The world reacted with horror after news stories broke about a network in post-Civil War Spain that was dedicated to stealing babies from their rightful mothers — usually poor women, some of whom were pregnant out of wedlock — and selling them to well-off couples. But it has emerged that these networks, which were in existence until 1990, did not just operate in Spanish territory, but also brought in babies from abroad.
The Civil Guard has discovered the existence of a scheme that took advantage of women who had just given birth in Morocco, and used the exclave of Melilla as a base of operations. Many of the newborns were given to families in Valencia, a region that has also emerged as having been a destination for children that were taken from their parents in Spain.
The authorities have discovered 28 cases of babies that were taken from Morocco to Melilla, before being transfered to the peninsula using false documents that made them appear to be the biological children of the adoptive parents.

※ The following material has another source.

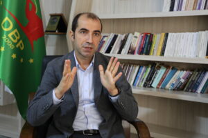 Amed – Hevserokê Giştî yê DBPê Keskîn Bayindir ku di nav şandeya çûbû Rojava de cih girt, çavdêriyên xwe yên wê derê vegotin û destnîşan kir ku heta gelê Rojava bigihîje statuyekê divê gelê Kurd li ser pêya be û li ber xwe bide, piştgiriyê Rojava bike.

Those thought to be behind the network had roles ranging from intermediaries and sellers, to doctors and midwives. As in several cases so far investigated in mainland Spain, two nuns are suspected of involvement in the network, but only one is still alive.
Babies for 20 euros
The pregnant women targeted by the scheme were usually prostitutes, cleaners or from other humble backgrounds, and were promised that the baby would enjoy a better life with its adoptive parents. In some cases, the mothers were offered accommodation until the birth, at which point “they were sent on their way with a payment of 3,000 pesetas [less than 20 euros],” according to one of the heads of the investigation, which has been dubbed Operation Hidden by the authorities.

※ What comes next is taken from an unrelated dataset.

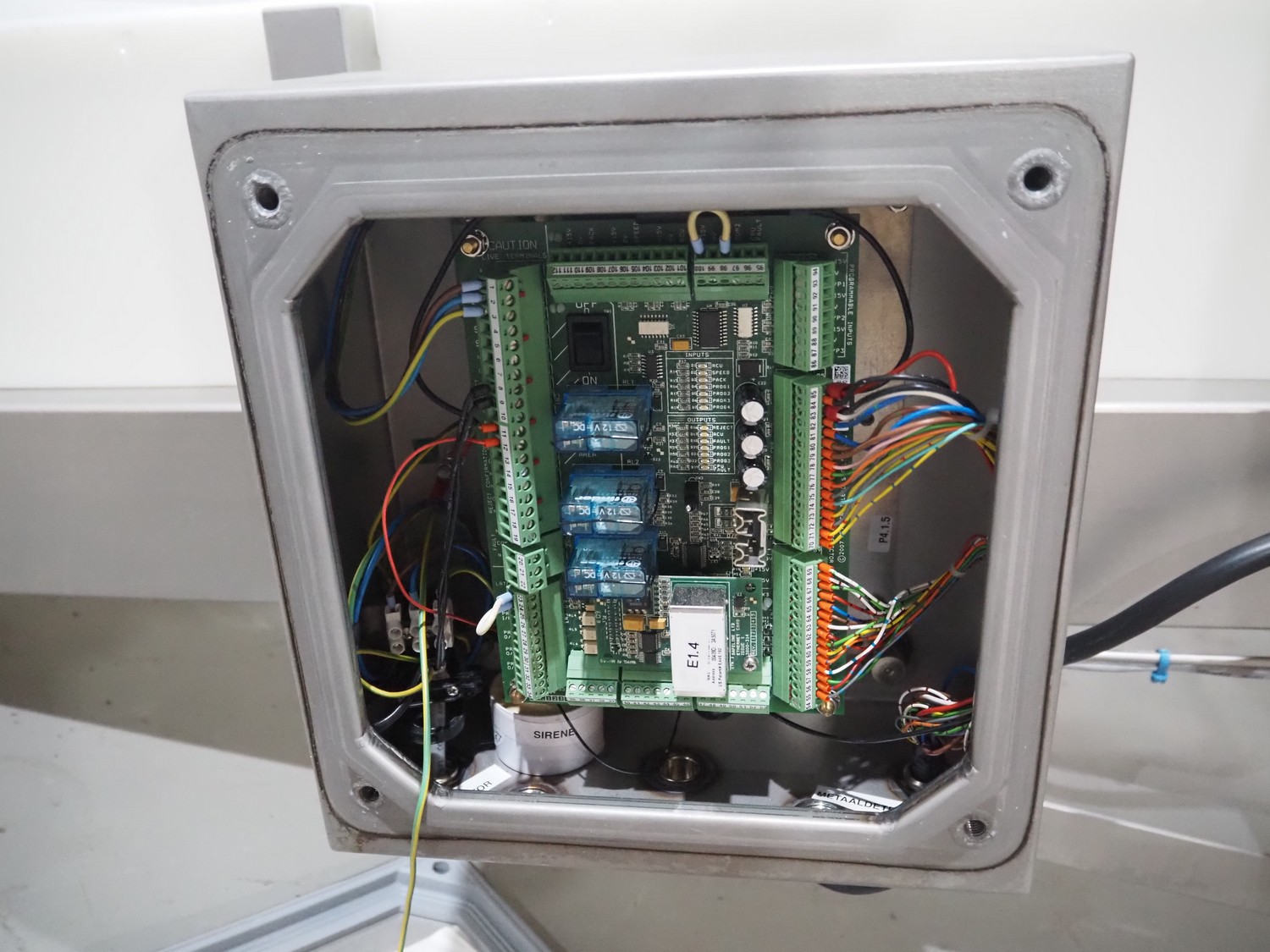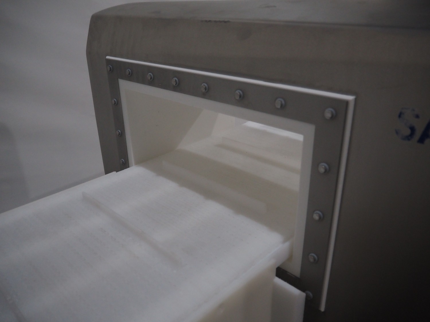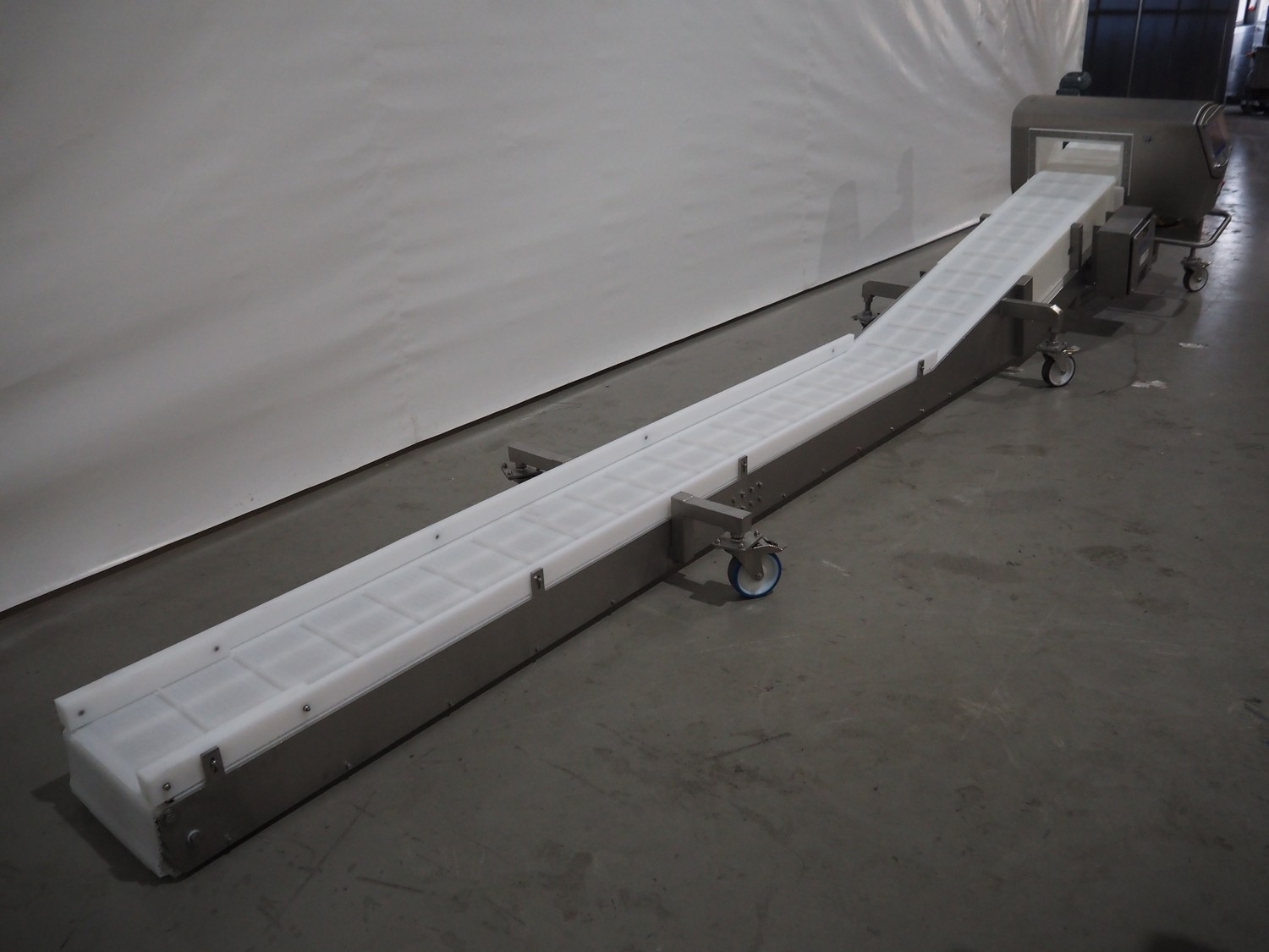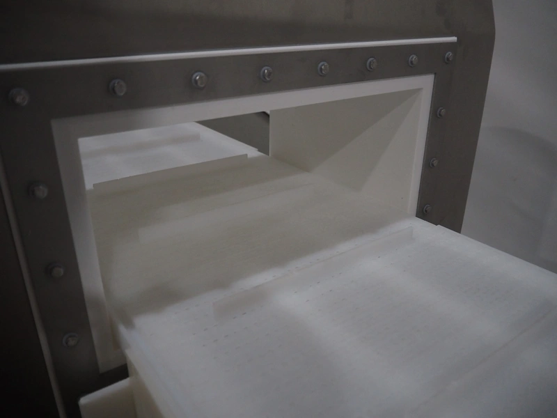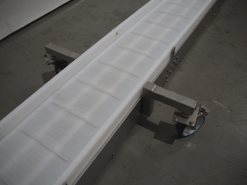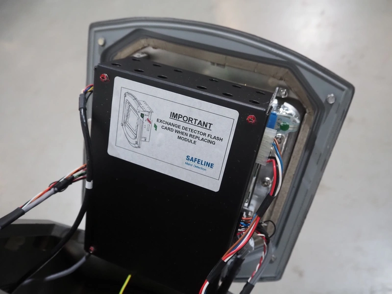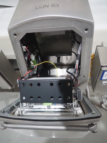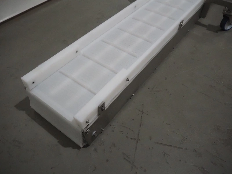 Mobile Safeline metal detector, type: R Series Profile, serial number: 101359, 100-240 V, 50/60 Hz, 340 W, plastic mesh belt with dividers, belt width: 330 mm, divider height: 15 mm, distance between dividers: 150 mm, elevating height: 840 mm, clearance: 350 mm x 140 mnm, total dimensions: 5350 mm x 1050 mm x 1000 mm.

Preliminary investigations by the Civil Guard in Melilla have found that 14 babies were bought in the city between 1970 and 1980, for amounts that ranged from 1,200 to 6,000 euros.
The 31 people who are alleged to have been involved in the scheme — including a number of adoptive parents — will be facing charges of paternity fraud, false imprisonment and document fraud.
Twelve of these suspects have already passed away, while the remainder are of an advanced age.